因此,以下对在附图中提供的本申请的实施例的详细描述并非旨在限制要求保护的本 申请的范围,而是仅仅表示本申请的选定实施例。基于本申请中的实施例,本领域普通技术人员在没有作出创造性劳动前提下所获得的所有其他实施例,都属于本申请保护的范围。Thus, the following detailed description of the embodiments of the application provided in the accompanying drawings is not intended to limit the scope of the application as claimed, but is merely representative of selected embodiments of the application. Based on the embodiments in the present application, all other embodiments obtained by those of ordinary skill in the art without creative work fall within the protection scope of the present application.
如图1所示,本申请实施例提供了一种电子设备10。其中,该电子设备10可以包括存储器12、处理器14和对象识别装置100。As shown in FIG. 1 , an embodiment of the present application provides an electronic device 10 . The electronic device 10 may include a memory 12 , a processor 14 and an object recognition apparatus 100 .
详细地,所述存储器12和处理器14之间直接或间接地电性连接,以实现数据的传输或交互。例如,相互之间可通过一条或多条通讯总线或信号线实现电性连接。所述存储器12中可以存储有至少一个可以以软件或固件(firmware)的形式,存在的软件功能模块,如所述对象识别装置100。所述处理器14可以用于执行所述存储器12中存储的可执行的计算机程序,如所述对象识别装置100,从而实现本申请实施例(如后文所述)提供的对象识别方法,以确定目标对象是否属于活体对象。Specifically, the memory 12 and the processor 14 are electrically connected directly or indirectly to realize data transmission or interaction. For example, they can be electrically connected to each other through one or more communication buses or signal lines. The memory 12 may store at least one software function module that may exist in the form of software or firmware, such as the object recognition apparatus 100 . The processor 14 may be configured to execute the executable computer program stored in the memory 12, such as the object recognition apparatus 100, so as to implement the object recognition method provided by the embodiments of the present application (as described later), to Determine if the target object is a living object.
可选地,所述存储器12可以是,但不限于,随机存取存储器(Random Access Memory,RAM),只读存储器(Read Only Memory,ROM),可编程只读存储器(Programmable Read-Only Memory,PROM),可擦除只读存储器(Erasable Programmable Read-Only Memory,EPROM),电可擦除只读存储器(Electric Erasable Programmable Read-Only Memory,EEPROM)等。Optionally, the memory 12 may be, but not limited to, a random access memory (Random Access Memory, RAM), a read-only memory (Read Only Memory, ROM), a programmable read-only memory (Programmable Read-Only Memory, PROM), Erasable Programmable Read-Only Memory (EPROM), Electrically Erasable Programmable Read-Only Memory (Electric Erasable Programmable Read-Only Memory, EEPROM), etc.
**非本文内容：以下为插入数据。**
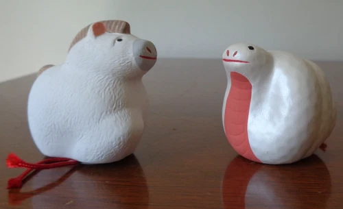 Lot 2 Japanese Zodiac Year of HOSRSE & SNAKE Lucky Bell Dorei Clay Figurines NEW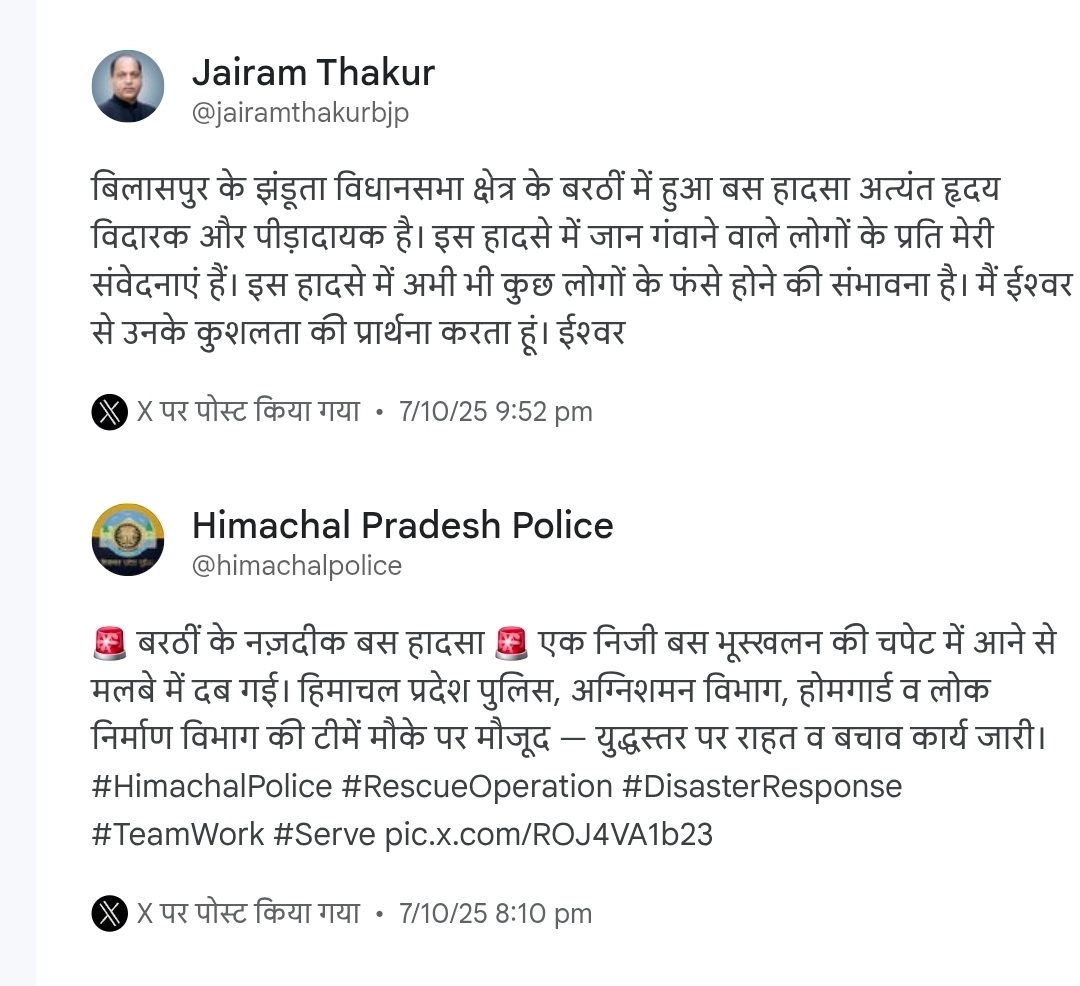 इससे पहले सीएम सुक्खू ने घटना की जानकारी देते हुए सीएम ने सोशल मीडिया प्लेटफ़ॉर्म एक्स पर लिखा, “बिलासपुर ज़िले के झंडूता विधानसभा क्षेत्र के बालूघाट के पास हुए भीषण भूस्खलन की ख़बर ने मन को भीतर तक झकझोर दिया है.”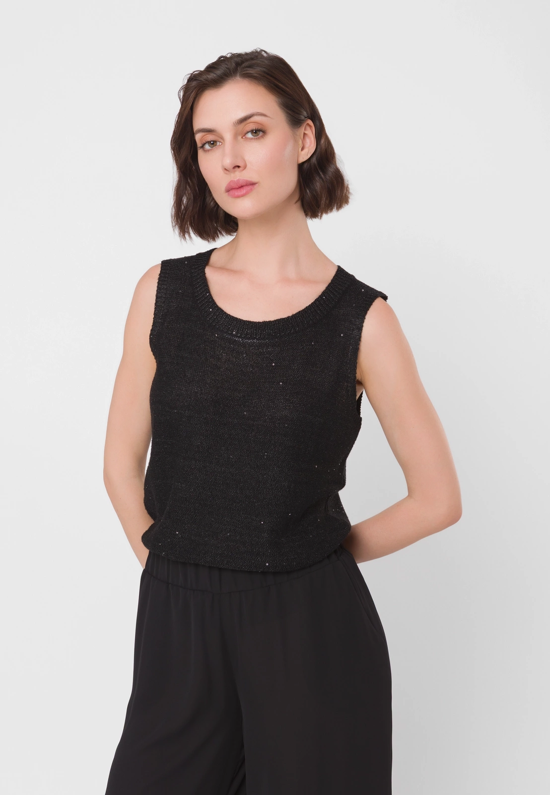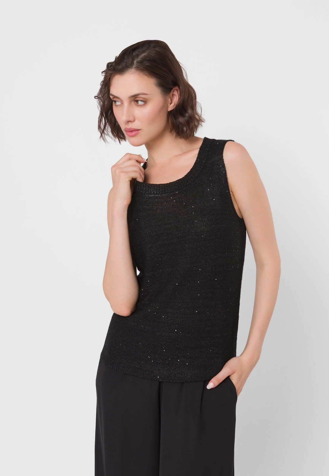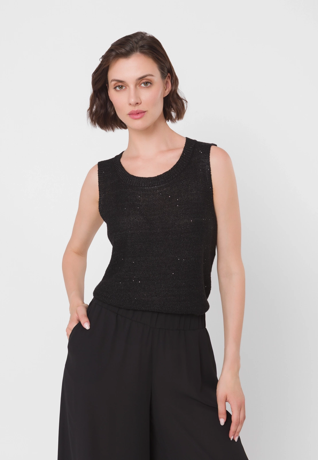 Dzianinowa bluzka z wiskozy w eleganckim, głębokim czarnym odcieniu. Prosty fason bez rekawów z okrągłym dekoltem podkreśla uniwersalny charakter ubrania. Całość zdobią drobne cekiny, które pięknie kontrastują z ciemnym materiałem, dodając bluzce szyku i elegancji. Doskonale sprawdzi się solo lub w duecie z cekinowym kardiganem z tej samej kolekcji. Model dostępny również w kolorze beżowym.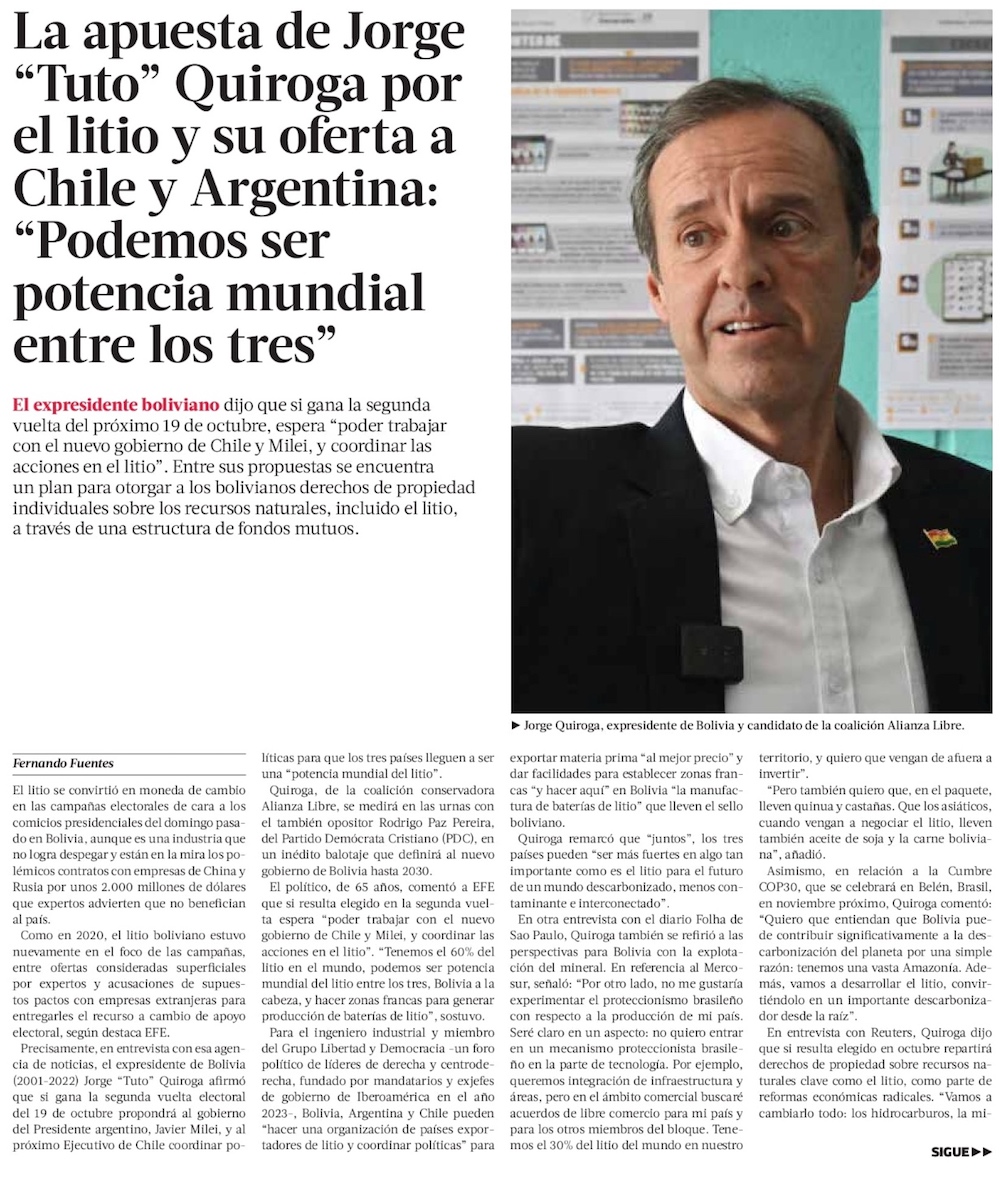 Quiroga planteará a Milei y Chile coordinar plan sobre el litio - (El Mercurio de Santiago)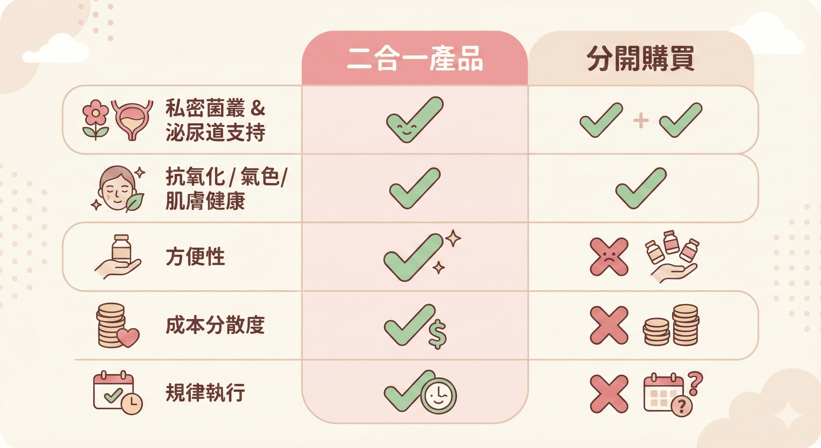 ✔ 想一次照顧「私密 + 抗氧化 / 氣色」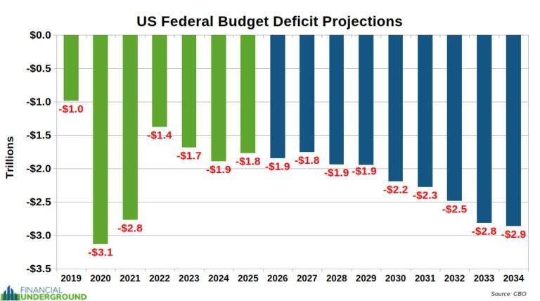 Even with this rosy and unrealistic forecast, the US government is projected to run a cumulative deficit of over $22 trillion over the next ten years—deficits that will have to be financed by issuing more debt, a significant share of which will likely be bought by the Federal Reserve with “money” it creates out of thin air.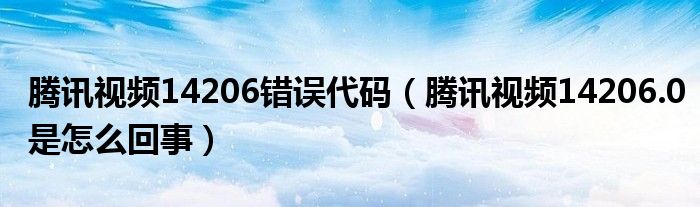 大家好,跳跳为你解答以上问题。腾讯视频14206错误代码,腾讯视频14206.0是怎么回事这个问题很多人还不知道,现在让我们一起来看看吧!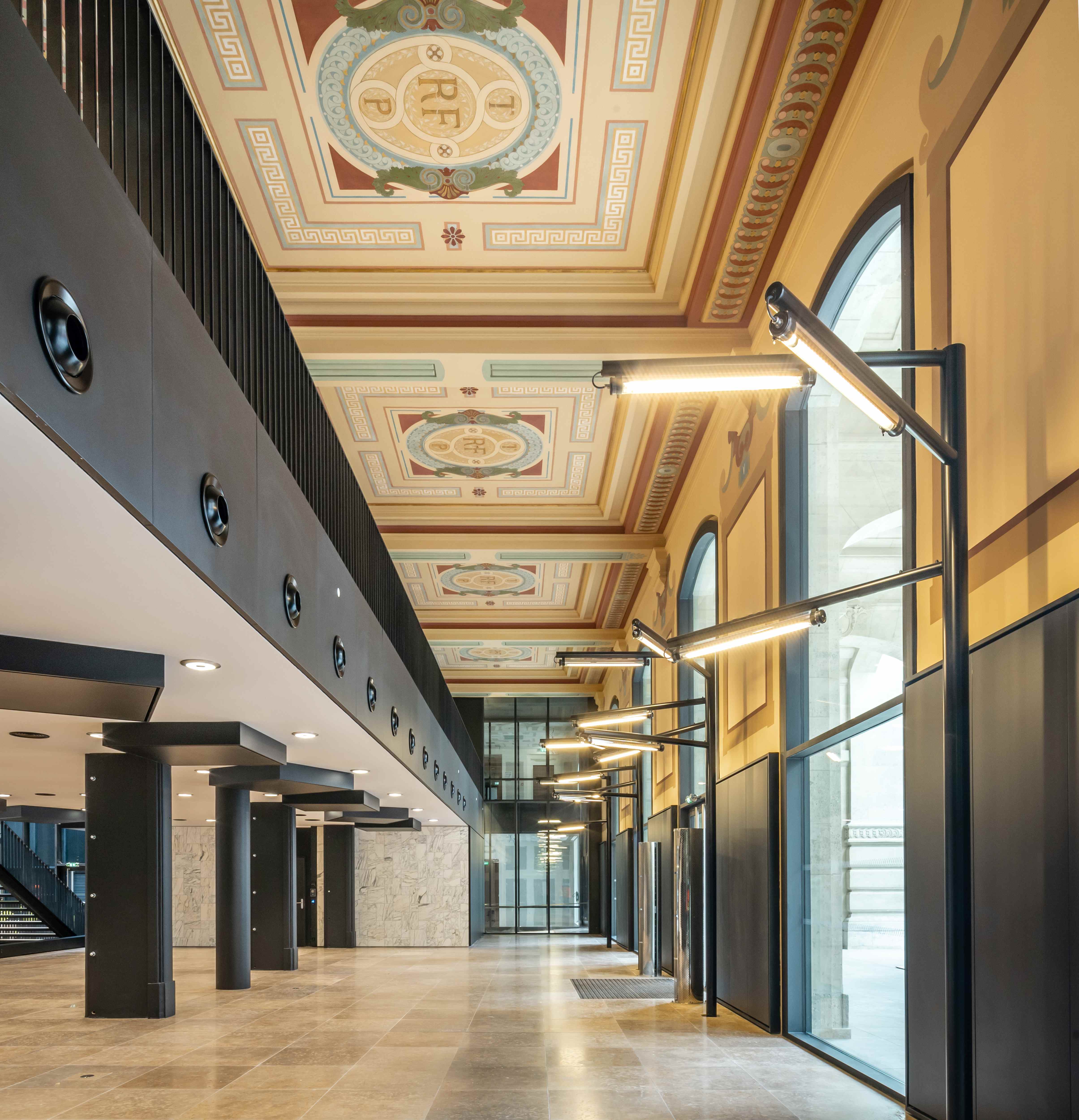 In the corridors, monumental halls and workspaces, lighting dialogues with transparencies and the play of reflections, providing clear pathways while respecting the building’s industrial identity.

并且,所述处理器14可以是一种通用处理器,包括中央处理器(Central Processing Unit,CPU)、网络处理器(Network Processor,NP)、片上***(System on Chip,SoC)等;还可以是数字信号处理器(DSP)、专用集成电路(ASIC)、现场可编程门阵列(FPGA)或者其他可编程逻辑器件、分立门或者晶体管逻辑器件、分立硬件组件。Moreover, the processor 14 may be a general-purpose processor, including a central processing unit (Central Processing Unit, CPU), a network processor (Network Processor, NP), a system on a chip (System on Chip, SoC), etc.; also It is a digital signal processor (DSP), an application specific integrated circuit (ASIC), a field programmable gate array (FPGA) or other programmable logic device, a discrete gate or transistor logic device, a discrete hardware component.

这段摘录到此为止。